When Cooray left the job, her father suggested she join the family business.


She has described Jetwing as being in a “critical situation” due to Sri Lanka’s internal political situation when she joined. Despite the country’s civil war, which raged for 25 years from 1983 to 2009, and subsequent dive in tourism, her father continued to invest in and improve his properties during this time.


Herbert Cooray died in 2008 and Cooray and her brother Hiran split duties and restructured the company, with Cooray becoming chairman of Jetwing Hotels and Jetwing Travel, responsible for inbound and outbound travel, the airline representation division and the different niche travel divisions.


However, it seems the demands of driving a successful career as a woman are the same the world over.


She describes the biggest challenges faced by Sri Lankan women as “the perceptions about women, social bias and the general acceptance in society that business is a male domain, while taking care of the household and family is female.”

Sundown at Jetwing Vil Uyana, Sigiriya.


However, this hasn’t stopped her.

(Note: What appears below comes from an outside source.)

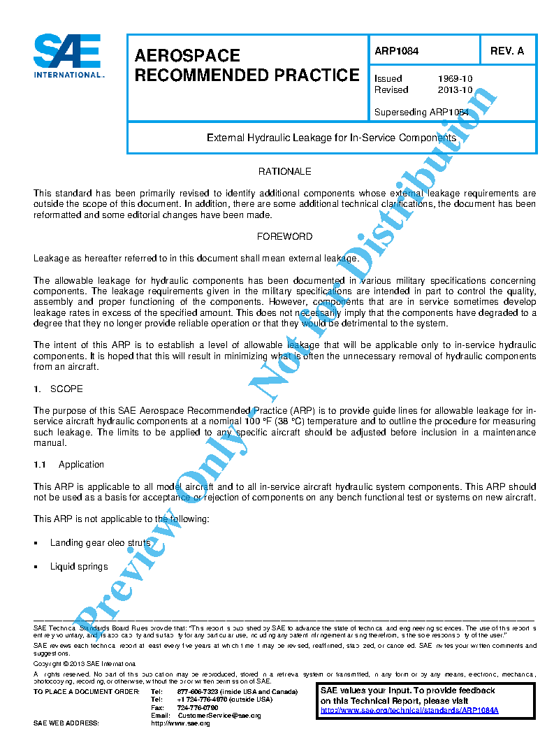 The purpose of this SAE Aerospace Recommended Practice (ARP) is to provide guide lines for allowable leakage for in-service aircraft hydraulic components at a nominal 100 °F (38 °C) temperature and to outline the procedure for measuring such leakage. The limits to be applied to any specific aircraft should be adjusted before inclusion in a maintenance manual.
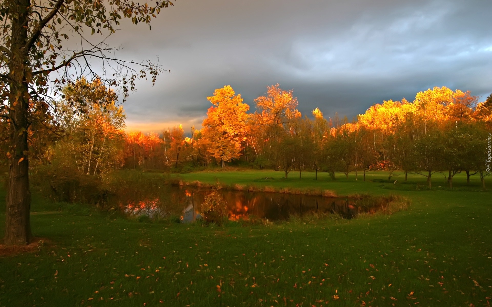 Edytor tapety: Burzowe, Niebo, Złote, Drzewa, Staw

Along with rising to director level at J Walter Thompson and developing Jetwing with her brother, career highlights have included being invited to join the board of Commercial Bank, Sri Lanka’s premier private bank, as well as joining the boards at Allianz Insurance, Capital Alliance investment bank and Ceylon Tea Brokers. “These positions have broadened by knowledge and I’ve appreciated and enjoyed the opportunities,” she says.


Having ridden out civil war and natural disasters including the 2004 tsunami, the business has received another jolt from the pandemic.


“It’s been a very challenging time,” Cooray admits. “As our revenues were almost zero, we had to reduce our expenses, taking salary cuts and reluctantly letting go of contract associates and engaging with the domestic travel market.”


However, the situation is beginning to look up and Sri Lanka recently reopened its borders to international tourists.


“Sri Lanka has so much to offer as a destination,” she says. “We have the beaches of course, and adventures with the sea such as surfing, diving, snorkelling, whale and dolphin watching… And then there’s the wildlife parks with elephants, bears, leopards and birds. There’s the rainforest and the beautiful hill country with a cooler climate and the tea plantations and waterfalls. Then there’s our 2,500 year history and culture with yoga, meditation and wellness heritage."


So where will Cooray be heading now restrictions are lifted?


“Sri Lanka is now out of lockdown and there are no internal travel restrictions so I’ve been able to begin heading to different parts of the country, such as Yala Wildlife Park, Galle, hill country… Jetwing has properties in all of these locations but I did take the opportunity to experience some of the other wonderful accommodation options Sri Lanka has to offer the world. And of course our amazing, hospitable people.”


Which is perhaps just what Herbert Cooray was hoping to channel as he stood dreaming on Negombo beach.